I'm with august86. The only people I don't give spare change to or a few Euros are the gypsies that work the Metro all over Barcelona. Recently, while stuck in the USA as I closed on a house, I picked up a hitch hiker and his dog at the intersection of I-80 and Highway 93. The guy was trying to get to New Mexico and what is left of his family, hoping to get back on his feet. He didn't have enough money for a Greyhound Bus. He AND his dog were so sunburned they both should have been in a hospital. His dog's nose was dry and covered in peeling skin. When I stopped for gas I bought the guy a MaDonald's value meal and a hamburger for his dog. Rather than leave him to fend for another ride out of Las Vegas I offered to drive him to the Hoover Dam. The highway patrol is less vicious there. When he and his dog got out I slipped him a ten dollar bill. Unless you're really poor -- or a stingy fuck wad -- ten bucks is pretty much worthless except for what one can buy at a convenience store.
During that 456 mile trip he told me how often strangers had spat on him, thrown trash and/or rocks at him (usually teenagers) and that the only compassionate people he had met on his moneyless journey were long haul truckers, and even with them it wasn't always a good experience.
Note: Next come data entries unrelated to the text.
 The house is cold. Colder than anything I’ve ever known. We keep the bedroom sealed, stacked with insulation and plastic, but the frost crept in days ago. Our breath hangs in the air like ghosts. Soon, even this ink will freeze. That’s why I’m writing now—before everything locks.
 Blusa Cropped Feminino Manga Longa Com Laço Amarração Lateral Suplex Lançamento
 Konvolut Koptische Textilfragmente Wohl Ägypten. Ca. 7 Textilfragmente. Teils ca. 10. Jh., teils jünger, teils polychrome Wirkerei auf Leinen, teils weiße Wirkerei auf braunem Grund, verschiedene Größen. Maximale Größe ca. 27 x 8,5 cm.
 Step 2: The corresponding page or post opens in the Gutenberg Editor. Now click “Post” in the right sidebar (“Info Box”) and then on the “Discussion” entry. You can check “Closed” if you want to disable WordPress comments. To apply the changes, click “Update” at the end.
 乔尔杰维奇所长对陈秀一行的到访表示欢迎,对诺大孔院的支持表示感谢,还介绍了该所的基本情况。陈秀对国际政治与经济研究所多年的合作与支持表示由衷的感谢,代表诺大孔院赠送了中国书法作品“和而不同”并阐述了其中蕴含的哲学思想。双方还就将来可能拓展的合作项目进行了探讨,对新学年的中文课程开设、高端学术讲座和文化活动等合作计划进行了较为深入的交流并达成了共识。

When I returned to northern Nevada I found a smudged letter in my PO box containing a thank you note and a ten dollar bill. That was a first.
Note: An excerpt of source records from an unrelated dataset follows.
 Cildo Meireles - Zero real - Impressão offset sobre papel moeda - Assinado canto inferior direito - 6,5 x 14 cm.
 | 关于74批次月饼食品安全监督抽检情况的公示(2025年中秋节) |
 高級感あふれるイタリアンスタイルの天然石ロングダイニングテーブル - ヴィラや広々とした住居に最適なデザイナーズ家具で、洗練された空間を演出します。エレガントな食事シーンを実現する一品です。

When my parents kicked me out of "their" house in Ewetaw after I had just turned 16 because I was gay, I ended up working the area around Selma and Vine Streets in "Hollywood." I didn't pan handle. I hustled. I performed sexual services for money and thanks to some elderly regulars who tipped generously I was able to share a dump apartment with 4 other hustlers. After 18 months (more or less) a fellow hustler talked me into hitch hiking to San Francisco. In a few months, thanks to others who had been through what I had been through, I had excellent fake ID stating I was 21, a job as barback, and membership in the servers union.
I've known hundreds of "street" people. They are not all drug addicts and alcoholics. And even those who are, their lives are often so miserable that if they buy a quart of fortified wine with the few dollars I give them when I'm approached, at least they'll have one or two hours that day of peace from the internal demons that haunt them.
If you live in the USA and are under 30 years-old you are most likely unaware that President Reagan cut federal funds that helped house people unable to care for themselves (the mentally challenged and mentally ill). The public (and many private) institutions where these people lived simply pushed them out on to the streets. And it's only become worse over time. One thing I can testify about from personal experience is the USA has become a nastier and uncaring place compared to the general feeling towards the poor and disenfranchised in the 1960s/70s.
Any of you on the edge or in the process of foreclosure getting any warm and fuzzy help from your bank, neighbors or government these days? Really? And are you poor because it's all your fault? Seriously?
Every 'Mericuhn, regardless of political stripe, should spend a few weeks in Mexico City where even the rich are poor just to see how pan handlers and the poor living in the worst conditions imaginable are treated better than we treat our own countrymen.
Yes, there are scammers. But currently the biggest scam going is the world banking system and our government. In Las Vegas the police have just noticed (after seven years) that there is most likely a serial killer who preys on the homeless -- or people who have to use public transportation and use the bus. Yes, it seems some clueless whacko has decided it's better to drive by and shoot the poor as they wait for the bus or the homeless as they sleep on bus benches at night rather than help them. I'm not making this up. And it seems a lot of folks think that this serial murderer is a hero. If that doesn't' turn your collective stomachs then I think I can safely say those of you who "are worried" about handing out some spare change are soul less assholes. Aren't
YOU special. You might want to rethink about buying and giving food instead of handing over a quarter to a pan handler. In most cases you really don't know that homeless person, unless he or she is one of your local neighborhood homeless who have marked territory in a large city such as New York, Boston, Buenos Aires, etc. These are homeless you know and whom you know to really be in need. There are more. And someday you may be a member of their ranks. Ask any senior citizen living on Social Security how great their lives are. There are plenty of seniors in Henderson (a city, but not really identifiable as different from Las Vegas because you cannot tell where the city limits are), any way, seniors who work the parking lots of the giant box shopping centers asking strangers for change -- at least, in the big box store areas where everything isn't boarded up.
If you think I'm just old and cranky, you're partly correct. But one thing I have not lost with regard to those less fortunate than me is my sense of humanity. But that's just me.